Police and military personnel have taken control of illegal gold mines on the rivers of Napo Province and the government says it plans similar operations at other mining locations. According to the Government Ministry, more than 500 police and 900 army troops have been assigned to mining sites on the Napo, Yutsupino, Los Ceibos and Andi Rivers.
“These are large operations involving millions of dollars of equipment and they are inflicting severe damage to the environment,” said Government Minister Alexandra Vela. “The work is destroying river banks and contaminating the water with toxic chemicals. We plan to confront the destruction not just in Napo, but throughout the country.”
In recent weeks, law enforcement operations have confiscated more than 100 backhoes and other heavy equipment used in the mines, mostly in Napo Province but also in Orellana, Morona, Cañar, Azuay, Zamora Chinchipe Provinces. An aerial photo of a government facility near Tena, released last week, shows about 80 tractors that have been removed from mining sites. “These machines cost thousands of dollars each but when we ask the locals who they belong to, no one seems to know,” Vela says.

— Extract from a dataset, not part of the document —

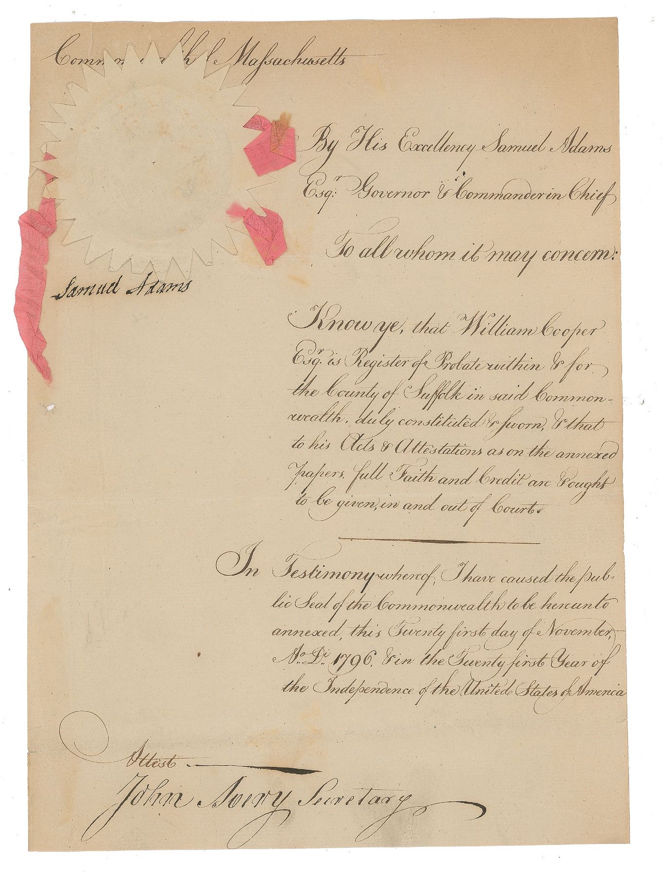 Manuscript DS, one page, 7.75 x 10.75, November 21, 1796. As governor of Massachusetts, Adams affirms "that William Cooper Esqr. is Register of Probate within & for the County of Suffolk in said Commonwealth, duly constituted & sworn, & that to his Acts & Attestations as one the annexed papers, full Faith and Credit are & ought to be given, in and out of Court." Boldly signed in the upper left by Governor Adams, and countersigned by John Avery as secretary. The seal of the Commonwealth of Massachusetts and a pink ribbon are affixed to the upper left corner. In fine condition, with trimmed edges and a small hole to the left edge.

“We will not allow another Buenos Aires,” said Ecuador Mining Minister Juan Carlos Bermeo, referring to the Imbabura Province mine shut down in 2019. “Illegal activity there destroyed hundreds of hectares, polluted drinking water and led to dozens of murders. The mines in Napo were approaching that scale.”
Before it was closed, a tent city of more than 1,500 had been built around the Buenos Aires mine and included food markets, pharmacies, hardware stores, tractor dealerships and brothels.

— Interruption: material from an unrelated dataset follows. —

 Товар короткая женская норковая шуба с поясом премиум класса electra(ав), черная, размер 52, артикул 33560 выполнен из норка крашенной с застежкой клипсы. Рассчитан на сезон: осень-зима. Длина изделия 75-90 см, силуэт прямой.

Bormeo claims there is “big money” behind the mines and says that those who provide financing must be prosecuted. “These are not small family businesses but large criminal consortiums that hire local workers. To stop it, we must identify the guilty.”
On Tuesday, National Assmblywoman Ana Belén Cordero presented documents at a press conference she says show that several Assembly members are linked to illegal mining. She named Pachakutik party leader Mario Ruiz as one of the investors in mines near Tena and Zaruma. “Isn’t it ironic that members of the party defending the rights of indigenous people are working in illegal projects that poison the water and destroy the land of their own people.”
Because of the large investment made in illegal mines, Bormeo says, enforcing mine closures is dangerous business. On February 14 and 15, as military personnel removed heavy equipment from Napo mining sites, there were several confrontations with miners, some of whom claimed that the government was destroying their livelihood.
In Puerto Napo, near a Napo River mine, almost 100 residents confronted police with shovels and picks February 14 but no injuries were reported.
“When we confiscate millions of dollars in equipment, chemicals and other supplies, we put our law enforcement people at risk. There are criminals out there who want to retrieve what has been seized,” Bormeo says. He adds that evidence suggests that there is a connection of illegal mining interests to drug gangs.
In an order issued February 15, the Mining Ministry ordered all legal gold mines to cease work until law enforcement operations against legal mines are concluded.